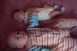 Philippe semble avoir beaucoup de plaisir à bouger ses pieds et ses mains alors j'essaie de faire comme lui. Malheureusement pour moi le cousin ne semble pas remarquer la présence de ma face sous sa main. |
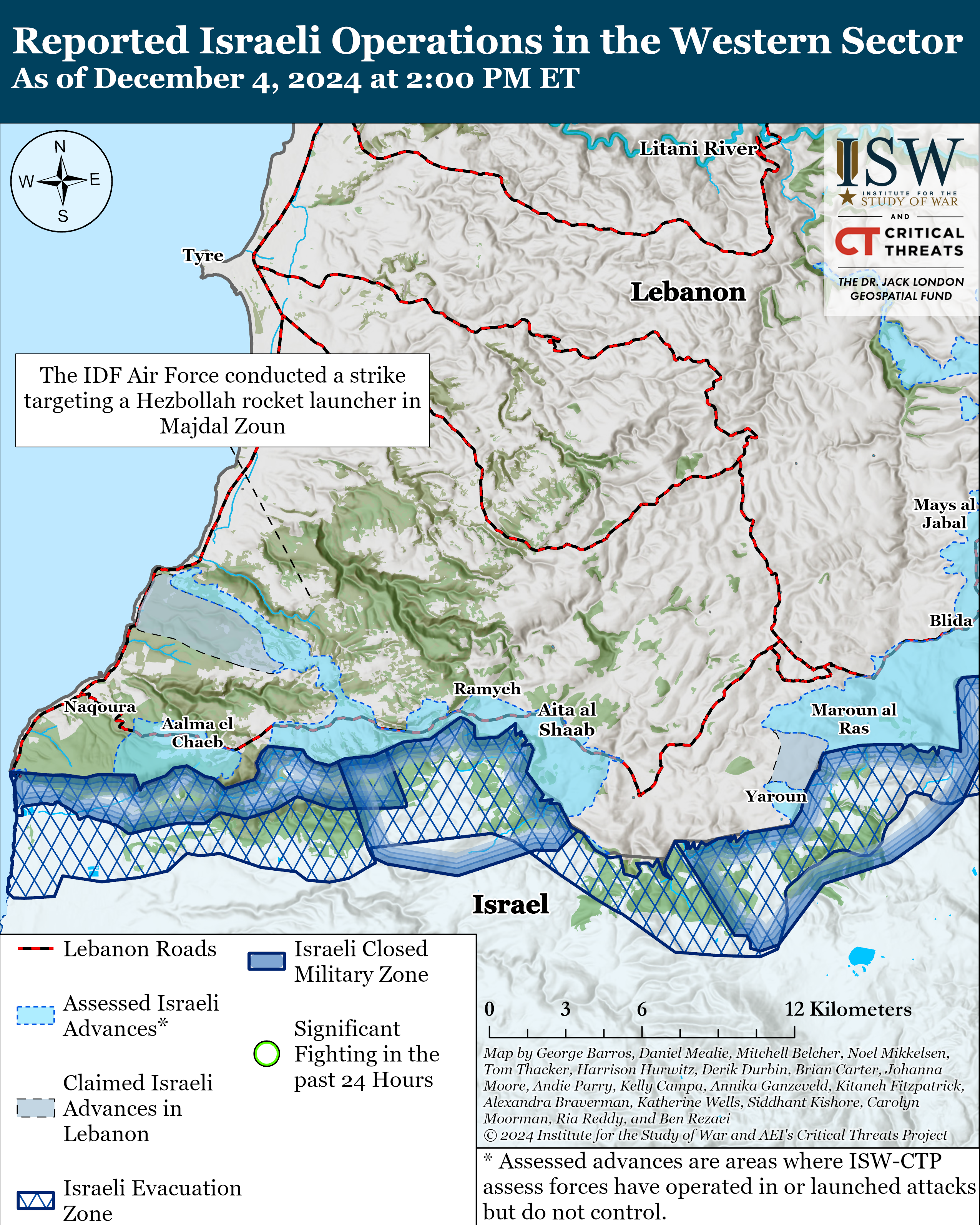 Hezbollah has not claimed any attacks into Israel since CTP-ISW’s last data cutoff on December 3.
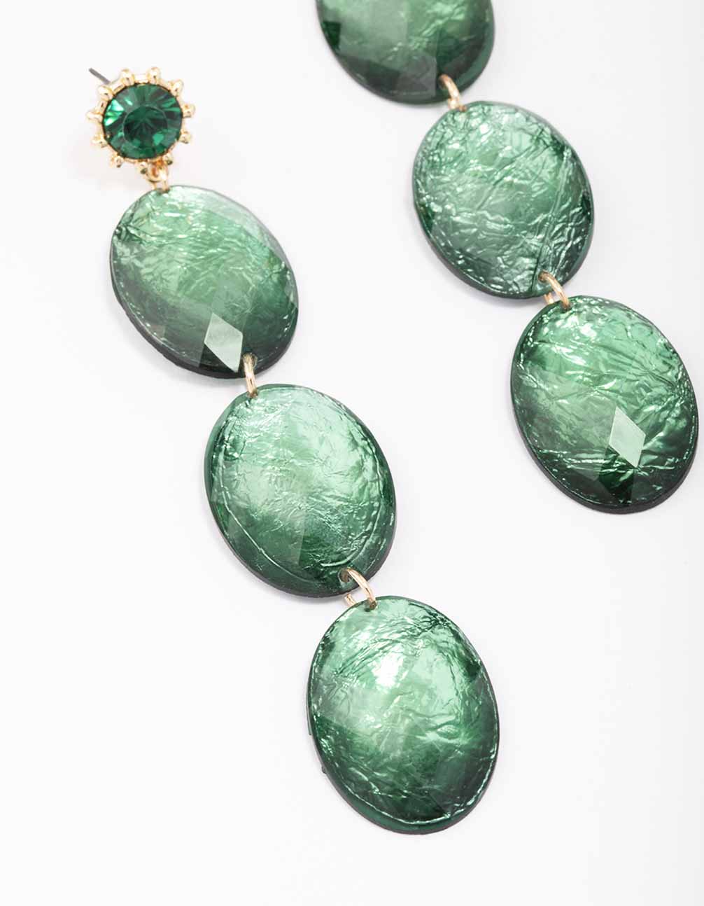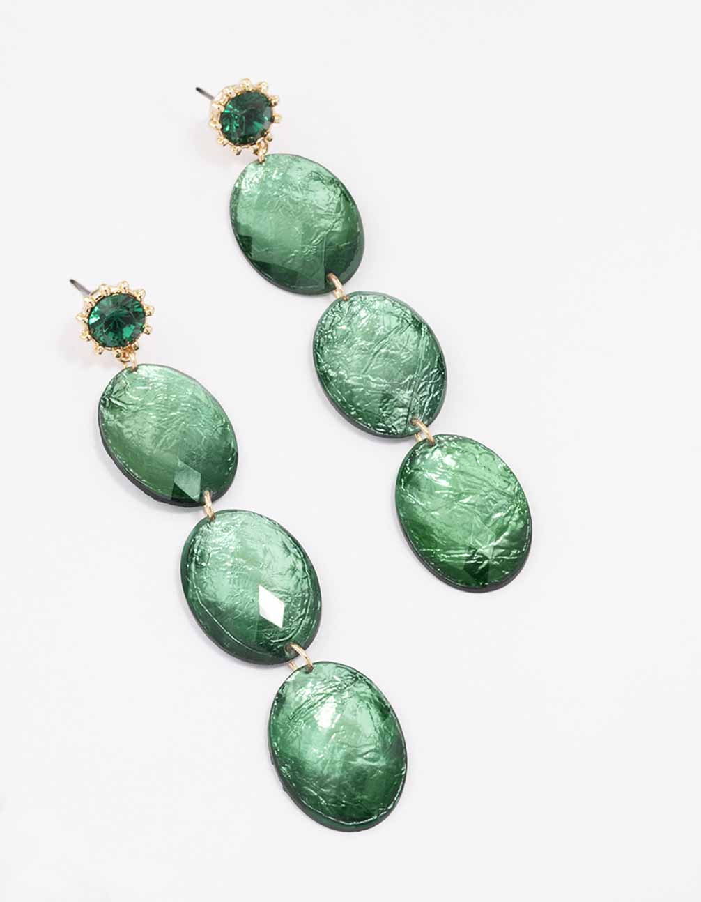 Add impact to your stack with these emerald-coloured, diamante drop earrings.

To do:
An exact copy of the listing is required, excluding any pictures.

Your response:
 Philippe semble avoir beaucoup de plaisir à bouger ses pieds et ses mains alors j'essaie de faire comme lui. Malheureusement pour moi le cousin ne semble pas remarquer la présence de ma face sous sa main. |
 Hezbollah has not claimed any attacks into Israel since CTP-ISW’s last data cutoff on December 3.
 Add impact to your stack with these emerald-coloured, diamante drop earrings.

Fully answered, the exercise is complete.